Image: Ethernet Cables Face Off
When the Federal Communications Commission (FCC) voted last month to study new rules preventing Internet service providers from prioritizing certain content along their networks, it reinvigorated a national debate on “net neutrality,” a term coined in 2003 by Columbia Law School professor Timothy Wu.

Wu continues to be on the front lines of the debate, having recently signed a friend-of-the-court brief urging the U.S. Court of Appeals for the D.C. Circuit to uphold sanctions against Comcast, the country’s largest cable provider.  The sanctions were put in place by the FCC because Comcast was blocking access to certain web traffic.

Net neutrality embodies the principle that the flow of all information along computer networks should be free of restrictions, principally those that would give priority to companies able to pay more for faster service.  That means that a home video sent by a person to family around the world would move along wired or wireless networks with no less priority than the traffic of well-heeled corporate clients who could pay for priority service.
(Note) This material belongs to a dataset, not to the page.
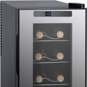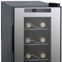 Тип: однокамерный винный шкаф • Расположение: отдельностоящий • Количество компрессоров: 1 • Цвет: зеркальный • Размеры (ШxВxГ): 254x463x514 мм • Количество дверей: однодверный • Общий объем: 21 л • Винный шкаф: 8 бут. • Управление: электронное • Освещение в холодильной камере: есть • Материал полок: металл-хром • Класс энергопотребления: A+

In explaining his support for net neutrality, Wu has used the analogy of the nation’s electric grid, which doesn’t distinguish between electricity running a household toaster or an industrial mainframe computer.

In the Comcast case, the company agreed not to discriminate against content on its network, but is still challenging the FCC’s authority to take action on matters of net neutrality. Major service providers, such as Comcast and AT&T, contend that not only does net neutrality trample free market rights, it leaves money on the table that providers could use to upgrade networks and create other innovations. 
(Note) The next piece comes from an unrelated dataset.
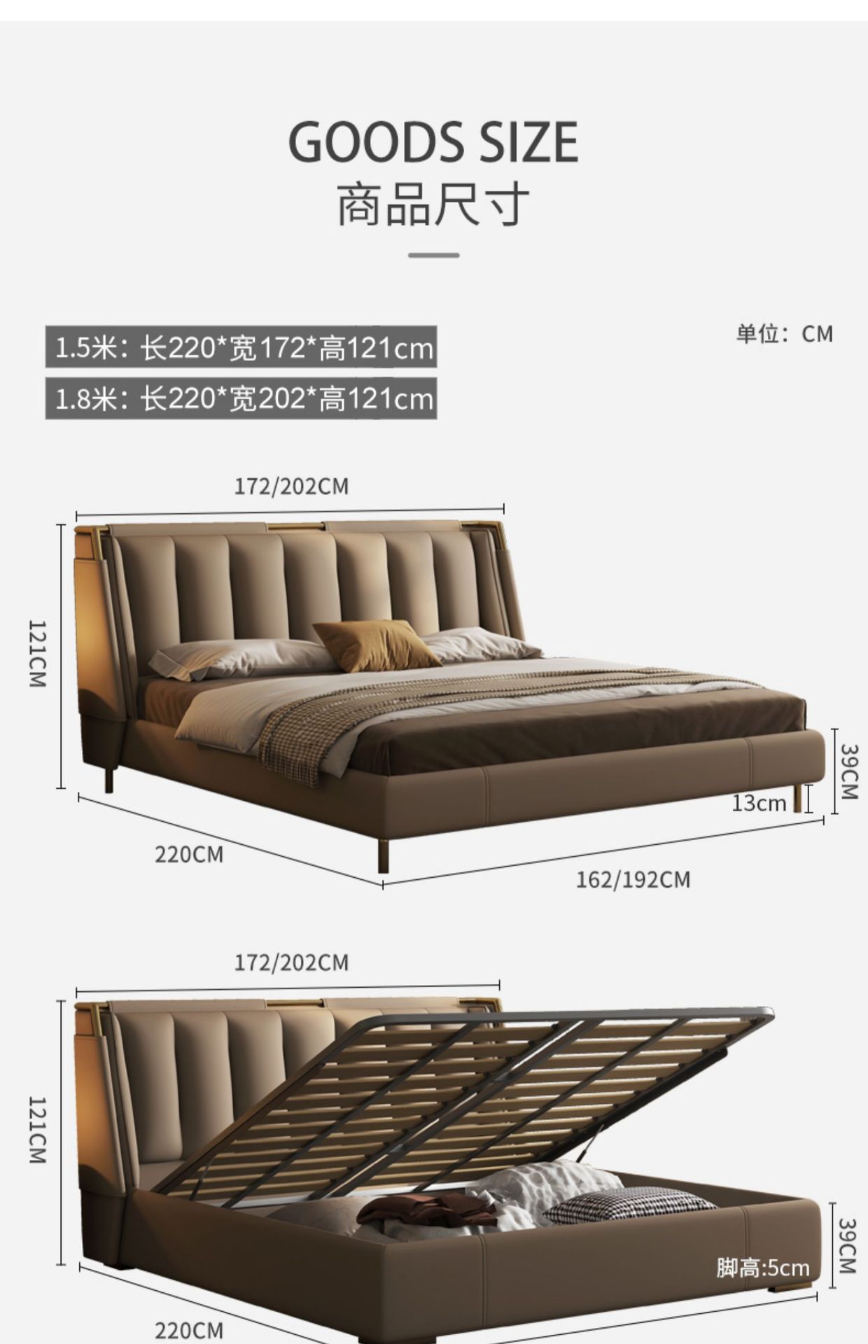• 가죽 침대 + 5 성급 라텍스 스프링 매트리스

Wu responds by turning again to the electric grid analogy.  “It did not discriminate and has supported giant waves of innovation in the appliance market,” he says, countering in the brief that failure to enforce net neutrality would stifle the Internet as an engine of innovation and economic growth.
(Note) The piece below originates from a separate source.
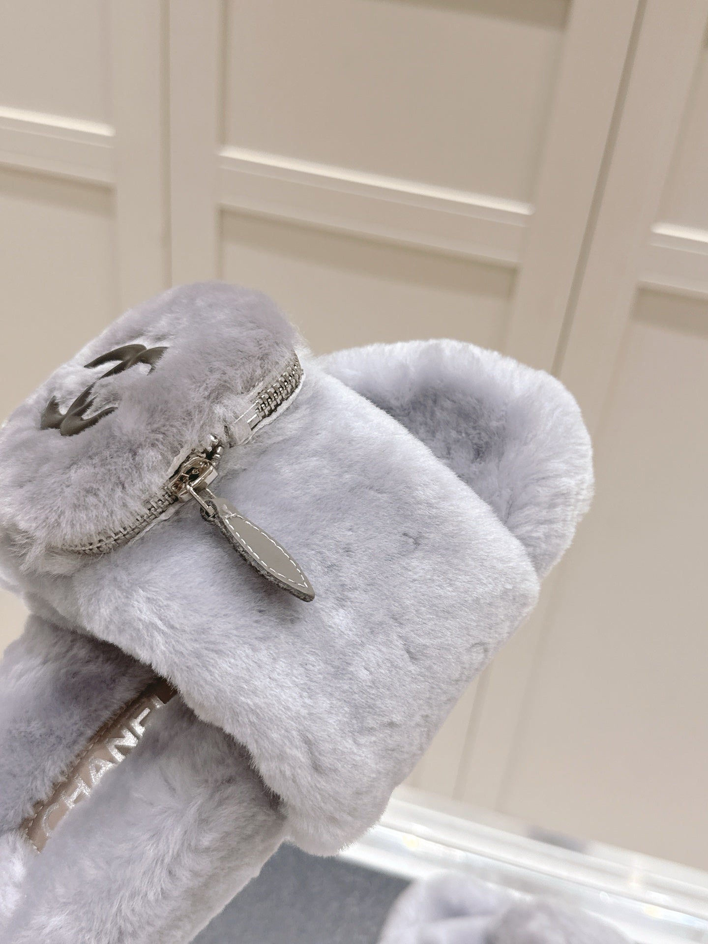 Chanel 25A Early Autumn Slippers Gray Wool 393081

President Obama has put his support behind net neutrality.  FCC Chairman Julius Genachowski (CC '85), who served as Obama’s campaign adviser on technology issues, is nevertheless planning to move cautiously during a 60-day comment period ending Jan. 14.

“The rise of serious challenges to the free and open Internet puts us at a crossroads,” Genachowski told an audience at The Brookings Institution in September. “We could see the Internet’s doors shut to entrepreneurs, the spirit of innovation stifled, a full and free flow of information compromised.”

Wu remains involved during this comment period.  Along with several other leading IP law professors, he sent a letter to the Washington Post, expressing concern that current language in the FCC's proposed rules would not sufficiently restrict the future actions of internet service providers.